The Night of the Hammocks

I promised to tell you about the first night out in our brand new hammocks. Well, there are two schools of thought at play here: mine and Heikki’s.

He woke up at around 2 AM because it was pretty cold, 3 degrees Celsius. I woke up in the middle of the night as well but I had more extra clothes to put on. So I was up for an hour and then slept until 10:30 in the morning! I never sleep in that late and I have to say, I was a little mad at Heikki for not waking me up earlier. I remember hearing a bit of birds singing somewhere around 5 AM whereas Heikki informed me that it was more of a cacophony that went on through the night. So he took some early morning photos and walked around the quiet beach. It occurred to me that one of these days we could stay up for the night taking photos and handle the sleeping part during the day. It’s not a good idea to reverse your circadian rhythm especially if you’re an insomniac like me but you could give it a try.

One thing you need to keep an eye out, is the location of your sleeping pad. As soon as you let an arm or a leg slip over the edge, it gets really cold. If you plan to spend more than one night in a hammock, get an under quilt. It’s a sleeping bag-looking thing that goes over and under your hammock. I found many interesting DYI-versions of it in Google, so there are options. The main thing is to have the insulating part outside of the hammock.

When it comes to back problems, everyone’s unique. If you manage to get your body in the hammock diagonally, you should be fine. The distance between the trees should be about three meters, which in our case was three Heikki steps. Yes, a Heikki step is a common unit of measurement.

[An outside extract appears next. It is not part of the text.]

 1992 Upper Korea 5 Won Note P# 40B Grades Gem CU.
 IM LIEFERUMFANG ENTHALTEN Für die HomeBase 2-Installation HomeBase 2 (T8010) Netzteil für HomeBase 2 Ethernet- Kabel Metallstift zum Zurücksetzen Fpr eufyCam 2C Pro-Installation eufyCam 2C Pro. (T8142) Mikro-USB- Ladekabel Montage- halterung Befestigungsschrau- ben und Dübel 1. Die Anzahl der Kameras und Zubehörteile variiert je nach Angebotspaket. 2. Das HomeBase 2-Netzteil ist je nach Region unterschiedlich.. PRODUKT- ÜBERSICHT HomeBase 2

So as I said, I slept very well. But out of us two, I’m less prone to cold I suppose. And I had more extra clothing. But I was hungry as soon as I woke up and there was no breakfast ready. So I was mad at Heikki. And he was tired from the lack of sleep. Thankfully we managed to get out trusty Trangia going for some porridge and had only 11 kilometers in total to cover that day. These are the moments when someone’s kind gesture can act as fuel to the fire for another. But we pulled through. After we got some food in our bellies, everything was peachy again.

So after ”breakfast” (which was more like lunch at that point) we took on the actual hike – to Hell and back. In Helvetinkolu we indulged in my first attempt at dehydrated food (more on that and the scenery later). Spring is swiftly turning into Summer and as I’m typing this, we’ve already conquered Repovesi National Park and one of its routes, Kaakkurinkierros. As soon as we experience some rainy days indoors, we’ll get right on that!